> Work to be completed: Find the line containing "Vi har mistet", then print it and each line after it through the end of the listing exactly, with no pictures.

> Data:
§

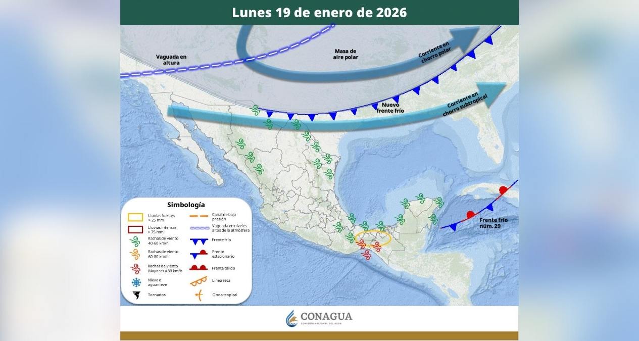 A la par del pronóstico local, la Comisión Nacional del Agua (Conagua) reportó que, del lunes 19 al miércoles 21 de enero, Tamaulipas estará bajo la influencia de sistemas frontales. Por ello, se esperan intervalos de chubascos, rachas de viento y un ambiente fresco a frío en zonas serranas durante las madrugadas.
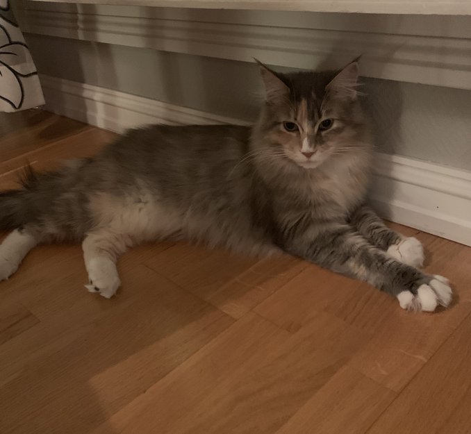 Vi har mistet Gilly en skjønn Maine Coon på snart 2 år. Hun hadde bare bodd hos oss i 10 dager. Hun er ikke vant med å gå ut og kjenner ikke området. Hun er derfor sikkert både sky, redd og veldig sulten. Hun er kastrert og chippet.
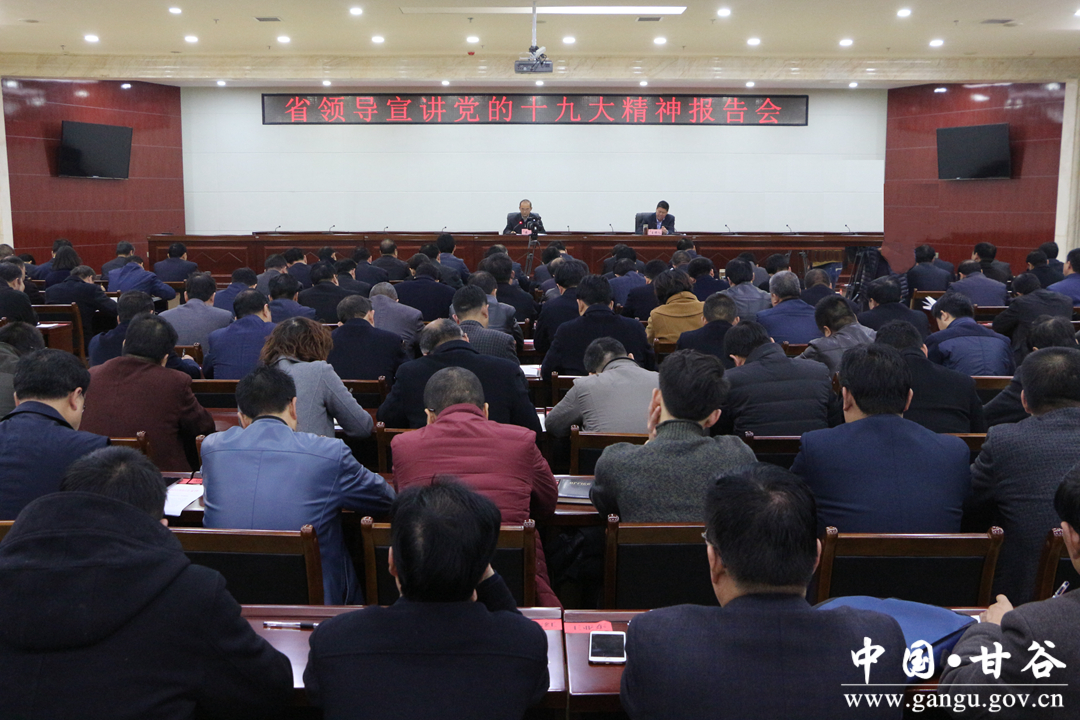 黄强在宣讲中指出,党的十九大是在全面建成小康社会决胜阶段、中国特色社会主义进入新时代的关键时期召开的一次十分重要的大会。大会取得的一系列重大成果,在党和国家发展进程中具有历史性意义。天水市各级党委政府要把学习宣传贯彻党的十九大精神作为当前和今后一个时期的首要政治任务,思想上高度重视,行动上高度自觉,结合本地本部门实际进行专题学习和研讨,对标要求、带着问题去学,确保学深悟透、把握实质、融会贯通。
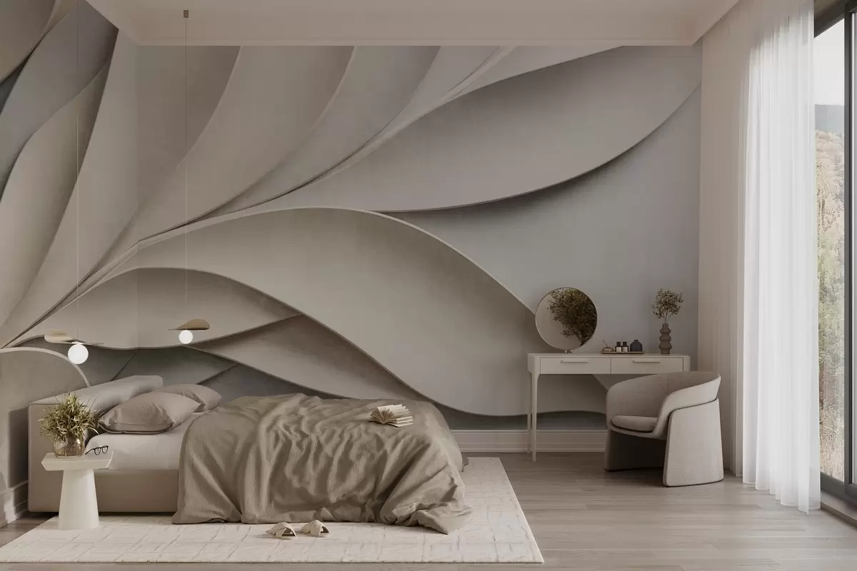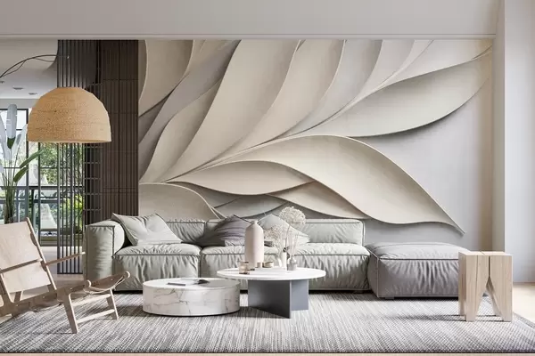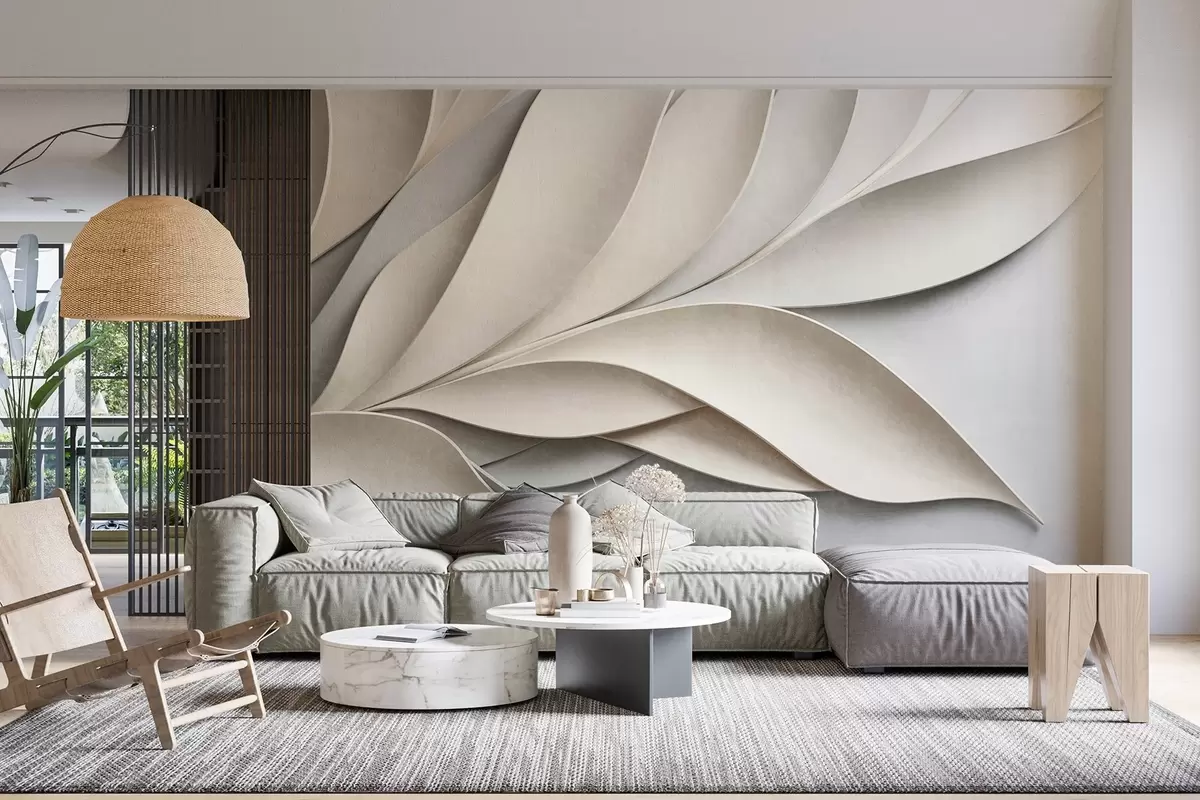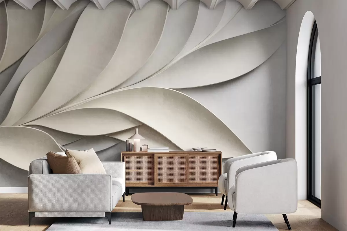 Fotomurales Hojas abstractas en beige y gris, arte moderno con textura. Nr. w09769

§

> Response to this task:
 Vi har mistet Gilly en skjønn Maine Coon på snart 2 år. Hun hadde bare bodd hos oss i 10 dager. Hun er ikke vant med å gå ut og kjenner ikke området. Hun er derfor sikkert både sky, redd og veldig sulten. Hun er kastrert og chippet.
 黄强在宣讲中指出,党的十九大是在全面建成小康社会决胜阶段、中国特色社会主义进入新时代的关键时期召开的一次十分重要的大会。大会取得的一系列重大成果,在党和国家发展进程中具有历史性意义。天水市各级党委政府要把学习宣传贯彻党的十九大精神作为当前和今后一个时期的首要政治任务,思想上高度重视,行动上高度自觉,结合本地本部门实际进行专题学习和研讨,对标要求、带着问题去学,确保学深悟透、把握实质、融会贯通。
 Fotomurales Hojas abstractas en beige y gris, arte moderno con textura. Nr. w09769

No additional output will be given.